In the story “The Yellow Wall-Paper”, I felt that the narrator was unreliable, especially when it came to her husband. In the beginning of the story, the narrator states “John is practical in the extreme. He has no patience with faith, an intense horror of superstition, and scoffs openly at any talk of things not to be felt and seen and put down in figures.” However, her husband John actually does follow these traits, there were times that he did the opposite. For example, when the narrator is not making any progress by showing sign that she is getting better, John threatens her by saying he would send her Weir Mitchell. Later on in the story, John has a different perspective. The narrator states John actually having faith by giving her hope. “John says I musn’t lose my strength, and has me take cod liver oil and lots of tonics…” These types of actions play through back and forth throughout the story. One minute John is angry and upset, then secondly he shows a different character. The narrator says she becomes a burden to him, instead of doing what the typical wife roles such as helping him and taking care of their baby. However, in this case he is taking care of her as if she was the child and helping her through her depression. “And dear John gathered me up in his arms, and just carried me upstairs and laid me on the bed, and sat by me and read to me till it tired my head. He said I was his darling and his comfort and all he had, and that I must take care of myself for his sake, and keep well.” In this quote, John shows another side of him by being caring and attentive towards his wife.

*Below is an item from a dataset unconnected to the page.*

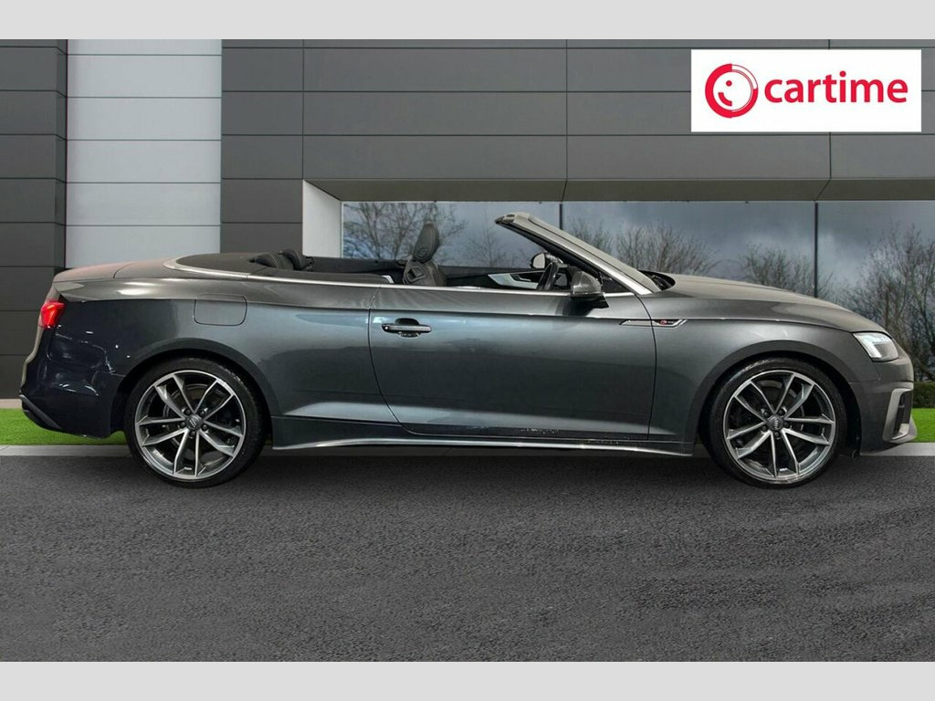 This 2020 Audi A5 Cabriolet TFSI S line boasts exceptionally low mileage for its year, having covered just 29367 miles. This Euro 6 compliant model features a 2.0 litre petrol engine and comes with an MOT valid until October 2026, offering peace of mind. The S line trim enhances its appeal, and you'll appreciate the convenience of the Light and Rain Sensor which automatically activates the headlights, alongside the Deluxe 3-Zone Electronic Climate Control for personalised comfort. Parking is made simpler with the Parking System Plus, offering front and rear sensors for assistance. Further enhancing your driving experience, the Audi A5 Cabriolet is equipped with the Audi Smartphone Interface, seamlessly integrating your Android Auto or Apple CarPlay. The striking Audi Matrix LED Headlights, paired with LED rear lights and dynamic indicators, provide excellent visibility and a distinctive look. This model also offers a surprisingly large boot space, making it practical for everyday use and weekend getaways alike. These carefully selected features demonstrate a superior level of specification compared to other vehicles in its class. 19in Alloy Wheels - 8.5J 5-Spoke-Cavo De, 4-Way Electric Lumbar Support, 6-Airbag System, 8 Passive Loudspeakers, Anti Theft Locking Wheel Bolts, Anti-Theft Alarm, Audi Connect Infotainment Services (36 M, Audi Connect Safety and Service, Audi Drive Select, Audi Matrix LED Headlights with LED Rear, Audi Phone Box with Wireless Charging, Audi Smartphone Interface, Audi Virtual Cockpit, Auto-Dimming Rear-View Mirror, Automatic Start-Stop with Coasting Funct, Cloth Headlining in Black, Contrast Stitching on Seats - Steering W, Cruise Control System with Speed Limiter, DAB Digital Radio Reception, Daytona Grey, Deluxe 3-Zone Electronic Climate Control, Door Handles - Body Coloured, Electric Boot

Dystopia is an imagined placed where things are unhappy, unpleasant or case in bad setting.  The narrator in “The Yellow Wall-Paper” was very interested with wallpaper in the room than any other disturbing things that surrounded her. Towards the mid-end of the story she realized a particular pattern with this mysterious yellow wallpaper. She put all her attention towards this yellow wallpaper to figure out the pattern before anyone else does. She became motivated every day and night of coming closer to figure out this image. When she finally did, it was an image of a creeping women, “It is the same woman, I know, for she is always creeping, and most women do not creep by daylight. I see her on that long road under the trees, creeping along, and when a carriage comes she hides under the blackberry vines. I don’t blame her a bit. It must be very humiliating to be caught creeping by daylight! Then she realized the creeping women was her all along inside those yellow wall paper of the person who she come to be.